* _ABOUT THIS TASK_
Please output the following records exactly. Leave every image out.

(Recorded data)
————————
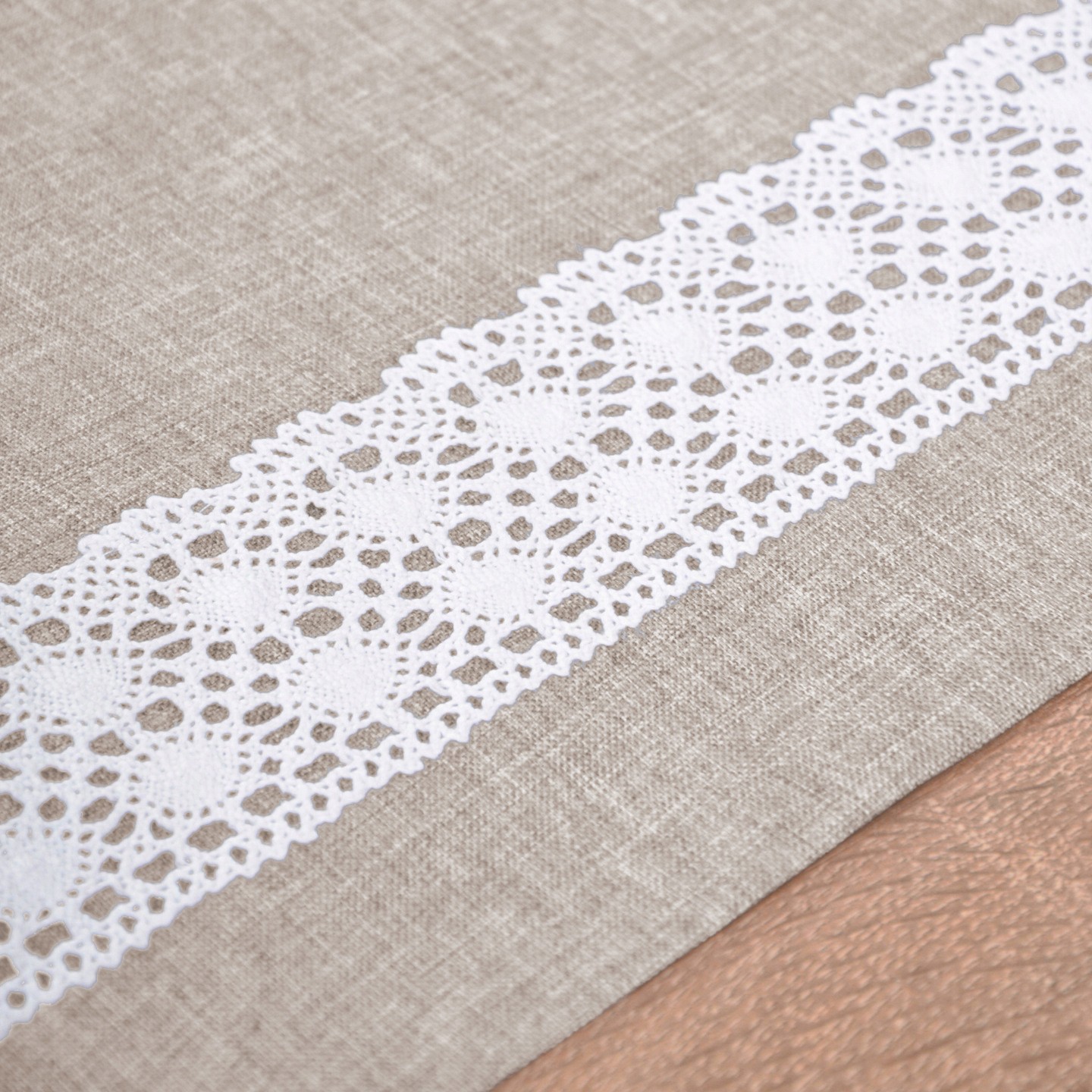SEWILLA to wyjątkowa kolekcja matowych bieżników wykończonych wokół ozdobną listwą o szerokości 5 cm z dodatkowym zdobieniem w postaci 7cm koronki bawełnianej. Dekoracyjna koronka nadaje bieżnikom eleganckiego szyku oraz wyjątkowego wyglądu. Bieżniki nadają wyjątkowego charakteru wnętrzom zarówno modernistycznym, skandynawskim, jak i klasycznym. Doskonale pasują do większości salonów, jadalni, ale sprawdzą się również w ogrodzie podczas grilla, na tarasie, czy podczas innych ważnych uroczystości. Ich szykowny wygląd idealnie komponuje się z kontrastującymi dodatkami takimi jak świeczniki, zastawa stołowa czy sztućce.
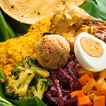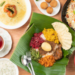 ランチの「ランプライス」(1,650円)は、バナナの葉を開くと香りの良いバスマティライスの上に、チキンカレーやフライドエッグ、レンズ豆のカレー、メレーピクルスなど、色々なおかずが盛りだくさんにのっていて、どこから食べ進めるか迷ってしまいそう。25種類のスパイスを使っているため、味もバリエーションに富んでいて、最後までおいしく堪能できます。
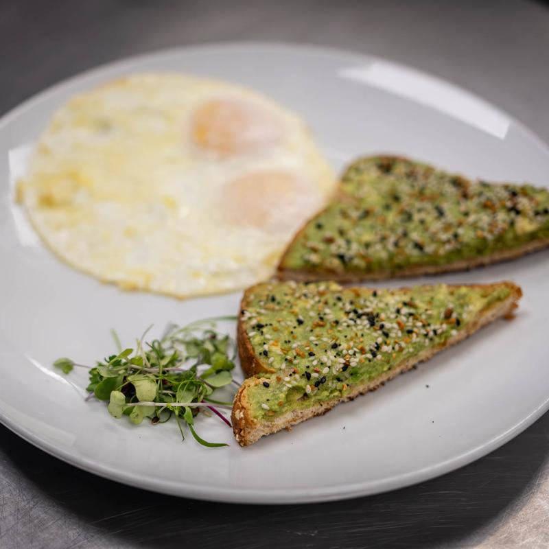 Eggs over easy and micro green on side
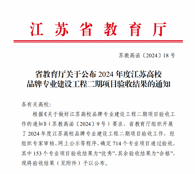近日,江苏省发布《省教育厅关于公布2024年度江苏高校品牌专业建设工程二期项目验收结果的通知》(苏教高函〔2024〕18 号),我校环境设计、海洋技术、计算机科学与技术、财务管理等4个专业全部通过验收。
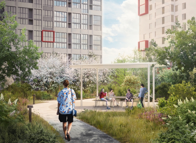 Озеленение станет ещё одним достоинством: здесь запланирована высадка крупномерных деревьев и кустарников.
————————
* _RESPONSE TO THIS TASK_
SEWILLA to wyjątkowa kolekcja matowych bieżników wykończonych wokół ozdobną listwą o szerokości 5 cm z dodatkowym zdobieniem w postaci 7cm koronki bawełnianej. Dekoracyjna koronka nadaje bieżnikom eleganckiego szyku oraz wyjątkowego wyglądu. Bieżniki nadają wyjątkowego charakteru wnętrzom zarówno modernistycznym, skandynawskim, jak i klasycznym. Doskonale pasują do większości salonów, jadalni, ale sprawdzą się również w ogrodzie podczas grilla, na tarasie, czy podczas innych ważnych uroczystości. Ich szykowny wygląd idealnie komponuje się z kontrastującymi dodatkami takimi jak świeczniki, zastawa stołowa czy sztućce.
 ランチの「ランプライス」(1,650円)は、バナナの葉を開くと香りの良いバスマティライスの上に、チキンカレーやフライドエッグ、レンズ豆のカレー、メレーピクルスなど、色々なおかずが盛りだくさんにのっていて、どこから食べ進めるか迷ってしまいそう。25種類のスパイスを使っているため、味もバリエーションに富んでいて、最後までおいしく堪能できます。
 Eggs over easy and micro green on side
近日,江苏省发布《省教育厅关于公布2024年度江苏高校品牌专业建设工程二期项目验收结果的通知》(苏教高函〔2024〕18 号),我校环境设计、海洋技术、计算机科学与技术、财务管理等4个专业全部通过验收。
 Озеленение станет ещё одним достоинством: здесь запланирована высадка крупномерных деревьев и кустарников.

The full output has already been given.